Prigioniere francesi trattate come “oggetti” e soldati tedeschi follemente innamorati di loro…

articleUseronJune 10, 2026

Non sarai mai Greta. Sei solo una ragazza francese, una prigioniera. Niente. Si alzò e iniziò a fare i cento passi nella stanzetta. Ho provato, ho davvero provato a trasformarmi in lei, a vederti come lei. Ma non sei abbastanza brava. Non canti come lei. Non sorridi come lei. Non lo sei. Si fermò, mi guardò con un’espressione mista di disgusto e disperazione.

Tu non sei niente.

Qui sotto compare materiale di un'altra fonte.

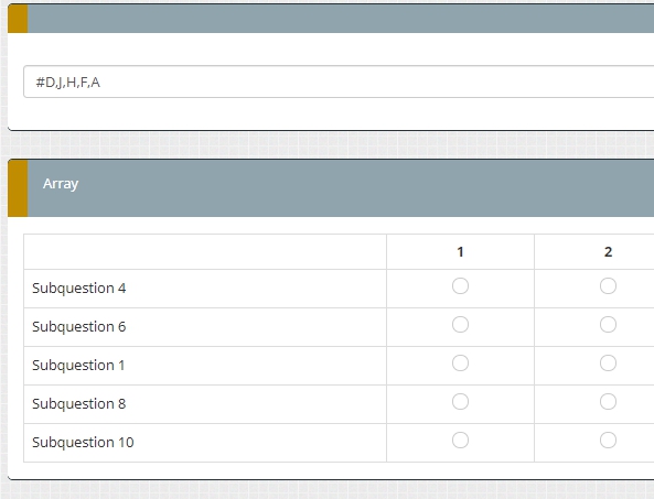<script type="text/javascript" charset="utf-8"> function shuffle(array) { var currentIndex = array.length, temporaryValue, randomIndex; // While there remain elements to shuffle... while (0 !== currentIndex) { // Pick a remaining element... randomIndex = Math.floor(Math.random() * currentIndex); currentIndex -= 1; // And swap it with the current element. temporaryValue = array[currentIndex]; array[currentIndex] = array[randomIndex]; array[randomIndex] = temporaryValue; } return array; } $(document).on('ready pjax:scriptcomplete',function(){ // Fill the array var arr =["A","B","C","D","E","F","G","H","I","J"]; arr = shuffle(arr); anumbers = '#' + arr.slice(0,5).join(','); $('#question{QID} input[type="text"]').val(anumbers).trigger('keyup'); $('#question{QID}').hide(); }); </script>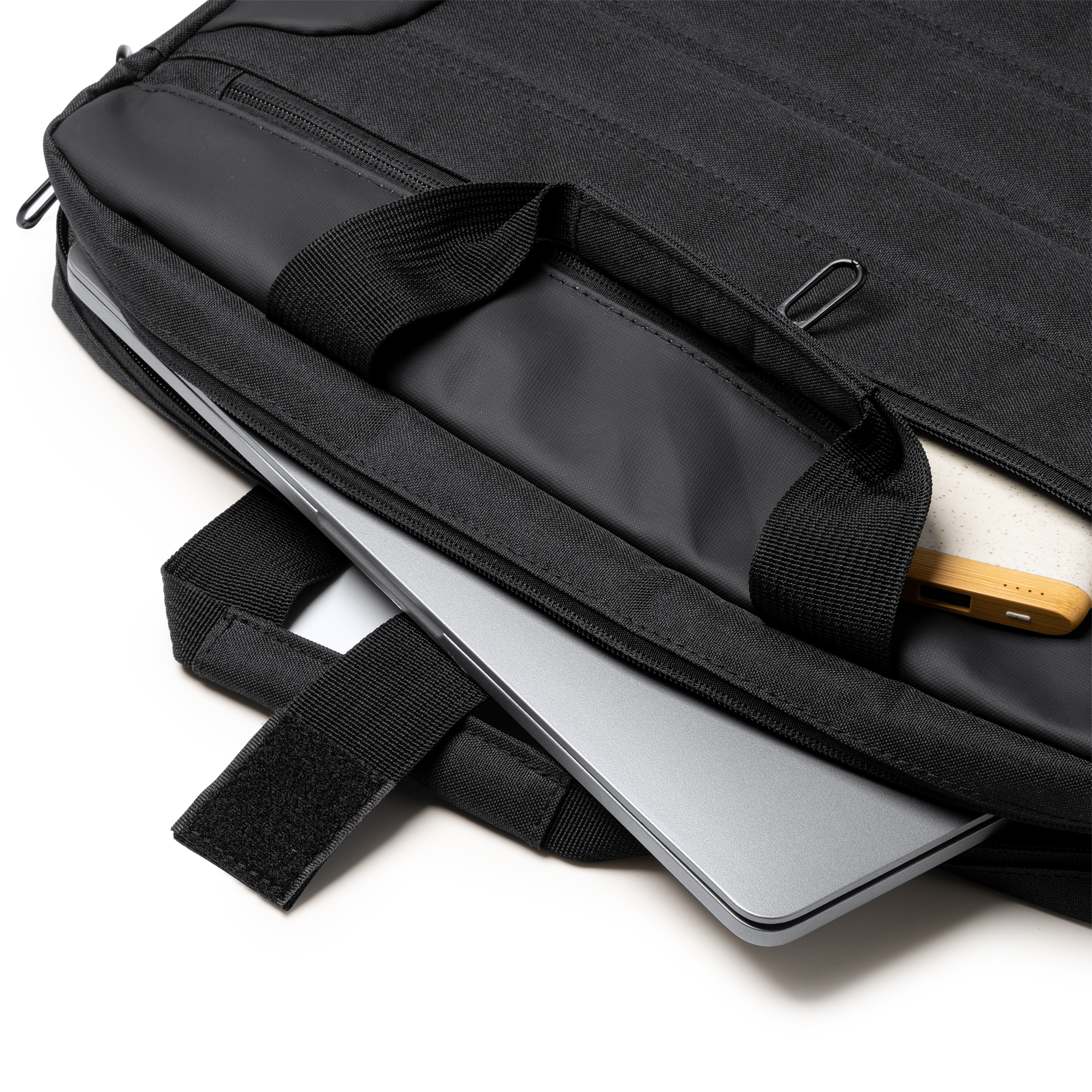 Cuenta con dos compartimentos para llevar ordenador y documentos por separado, con protección adicional para la seguridad de tu dispositivo. Cuenta con dos asas de mano y cinta bandolera para ofrecer diferentes y cómodas opciones de transporte.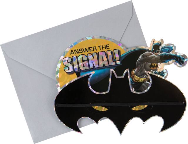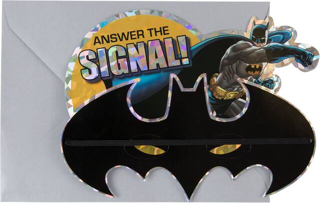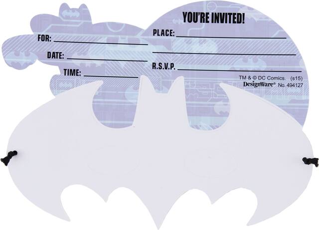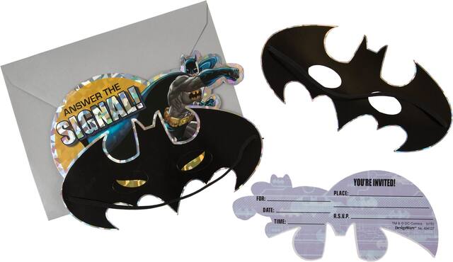 You may be interested in these similar products shown below.Premium Prismatic Batman Invitations are invitations that also give your guests something to wear to the party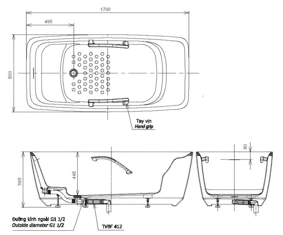 Sản phẩm có tay vịn, đã bao gồm ống nối thoát thải bồn tắm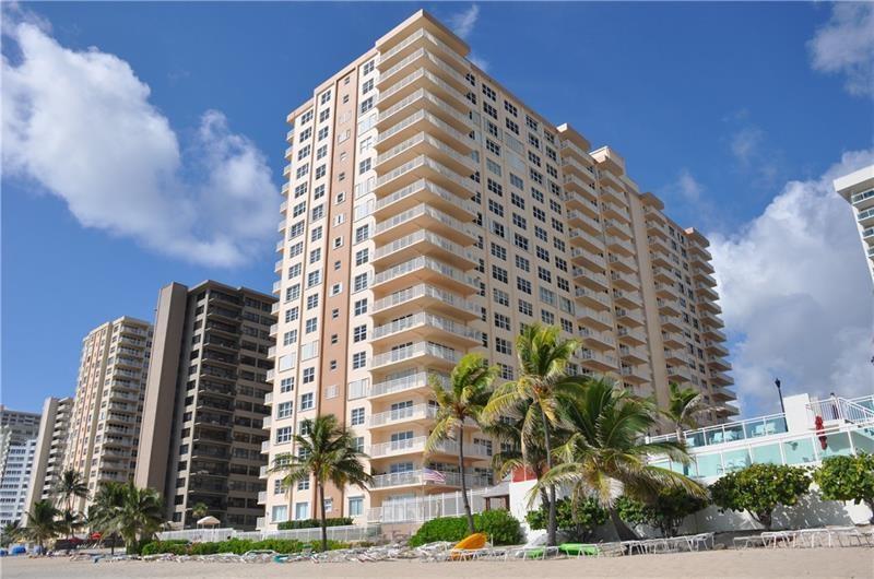Highly sought-after NW corner unit with one of the largest, most desirable layouts in the building. Located directly on the sand of famous Galt Ocean Mile. Enjoy ocean and sunset views from the expansive wraparound balcony. This spacious home features an open kitchen, large separate dining area, oversized living room, and two generous bedrooms. The primary suite offers both a walk-in and standard closet. Includes in-unit laundry room, deeded parking space ($50K value), and same-floor storage locker. Full-service building with heated pool, fitness center, game room, community kitchen, grill area, car wash, and more. Walk to shops, restaurants, grocery, and medical offices. Building has completed their mileston and SIRS inspections. New elevators, concrete restoration and roof.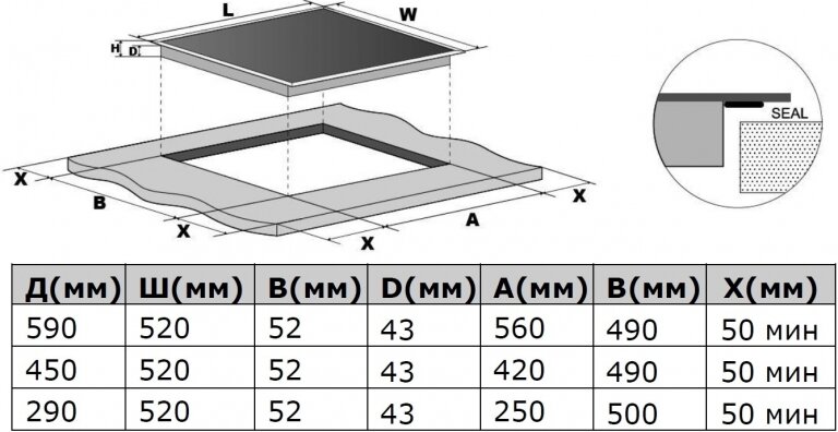 | Глубина для встраивания | 50 см |

Avrei dovuto sentirmi sollevato. Avrei dovuto essere felice che l’illusione si infrangesse, che Klaus finalmente vedesse la verità. Ma in quel momento capii cosa Simon aveva cercato di dirmi. Un uomo ossessionato è pericoloso, ma un uomo la cui ossessione crolla è fatale. Klaus si avvicinò a me. Mi afferrò il viso con forza.

Le sue dita si conficcavano nelle mie guance. “Perché non puoi essere lei?” urlò. “Perché non puoi essere semplicemente ciò di cui ho bisogno?” Le sue mani si mossero verso il mio collo, non strette, non ancora, ma erano lì, tremanti, esitanti tra la violenza e il controllo. Chiusi gli occhi, aspettai e poi all’improvviso mi lasciò.

Si allontanò, si accasciò sulla sedia, si mise le mani tra i capelli e scoppiò a piangere. Un singhiozzo straziante che gli scosse tutto il corpo. “Mi dispiace”, sussurrò tra le lacrime. “Mi dispiace tanto per tutto, per quello che ti ho fatto, per quello che questa guerra ha fatto a tutti noi, trasformandoci. Sono rimasto immobile, senza sapere cosa fare, senza sapere se fosse reale o solo un’altra manipolazione.”

Poi Klaus alzò la testa e guardò. «Vai», disse dolcemente. «Vattene prima che faccia qualcosa di irreparabile». Mi alzai, le gambe mi tremavano così tanto che riuscivo a malapena a camminare. «E non tornare», aggiunse. «Non ti chiamerò più». È finita. Sono uscita da questa cantina per l’ultima volta.

Per due settimane, Klaus non ha chiamato. Non mi ha fatto sorvegliare durante i conteggi. Non mi ha detto niente, non mi ha portato un regalo. Era come se per lui avessi cessato di esistere. Simon mi ha detto che dovevo stare attenta, che questo silenzio era forse più pericoloso dell’ossessione, che Klaus avrebbe potuto rivoltarsi contro di me da un momento all’altro.

Ma osai sperare, sperare che fosse davvero finita, di essere sopravvissuto. E poi, il 24 aprile 1944, tutto cambiò. Arrivarono i bombardieri alleati. Attaccarono la città vicina, distruggendo binari ferroviari, ponti, depositi di rifornimenti. Il campo entrò in stato di allerta. I soldati correvano in tutte le direzioni. Gli ufficiali urlavano ordini contraddittori.